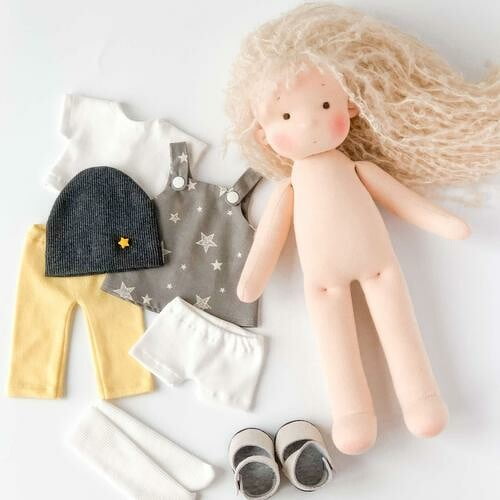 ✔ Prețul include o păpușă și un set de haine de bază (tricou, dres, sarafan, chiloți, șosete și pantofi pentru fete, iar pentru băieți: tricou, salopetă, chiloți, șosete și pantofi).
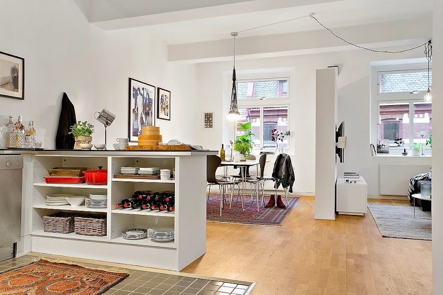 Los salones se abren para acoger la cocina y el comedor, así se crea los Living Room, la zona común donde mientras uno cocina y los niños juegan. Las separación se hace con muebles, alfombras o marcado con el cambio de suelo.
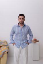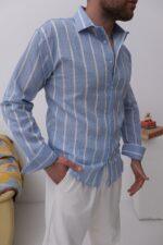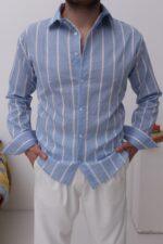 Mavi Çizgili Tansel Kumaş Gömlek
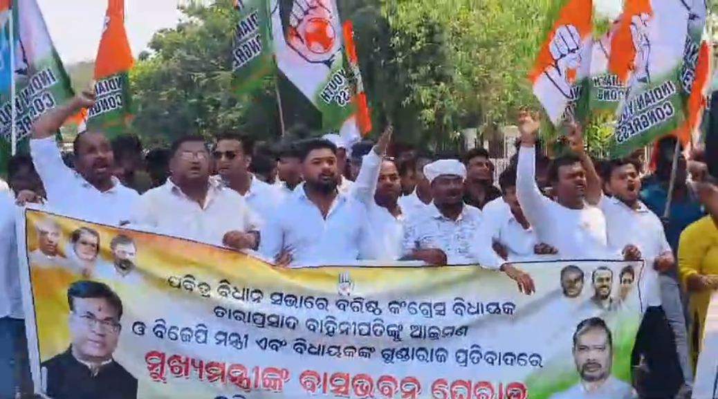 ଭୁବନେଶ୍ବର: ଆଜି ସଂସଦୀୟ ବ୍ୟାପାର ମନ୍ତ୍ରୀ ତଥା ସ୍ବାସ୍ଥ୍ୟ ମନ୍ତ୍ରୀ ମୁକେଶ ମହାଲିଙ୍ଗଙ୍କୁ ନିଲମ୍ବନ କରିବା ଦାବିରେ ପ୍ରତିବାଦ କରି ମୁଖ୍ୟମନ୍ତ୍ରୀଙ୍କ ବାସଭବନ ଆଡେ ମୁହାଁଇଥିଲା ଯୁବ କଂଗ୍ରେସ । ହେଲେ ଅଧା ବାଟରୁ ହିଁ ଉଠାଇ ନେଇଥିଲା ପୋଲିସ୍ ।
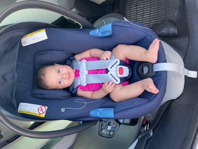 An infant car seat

■ ■ ■ ■ ■

Start with the first line of the records above and end with the line containing "ଭୁବନେଶ୍ବର: ଆଜି ସଂସଦୀୟ". Output those lines exactly, pictures excluded.

 ✔ Prețul include o păpușă și un set de haine de bază (tricou, dres, sarafan, chiloți, șosete și pantofi pentru fete, iar pentru băieți: tricou, salopetă, chiloți, șosete și pantofi).
 Los salones se abren para acoger la cocina y el comedor, así se crea los Living Room, la zona común donde mientras uno cocina y los niños juegan. Las separación se hace con muebles, alfombras o marcado con el cambio de suelo.
 Mavi Çizgili Tansel Kumaş Gömlek
 ଭୁବନେଶ୍ବର: ଆଜି ସଂସଦୀୟ ବ୍ୟାପାର ମନ୍ତ୍ରୀ ତଥା ସ୍ବାସ୍ଥ୍ୟ ମନ୍ତ୍ରୀ ମୁକେଶ ମହାଲିଙ୍ଗଙ୍କୁ ନିଲମ୍ବନ କରିବା ଦାବିରେ ପ୍ରତିବାଦ କରି ମୁଖ୍ୟମନ୍ତ୍ରୀଙ୍କ ବାସଭବନ ଆଡେ ମୁହାଁଇଥିଲା ଯୁବ କଂଗ୍ରେସ । ହେଲେ ଅଧା ବାଟରୁ ହିଁ ଉଠାଇ ନେଇଥିଲା ପୋଲିସ୍ ।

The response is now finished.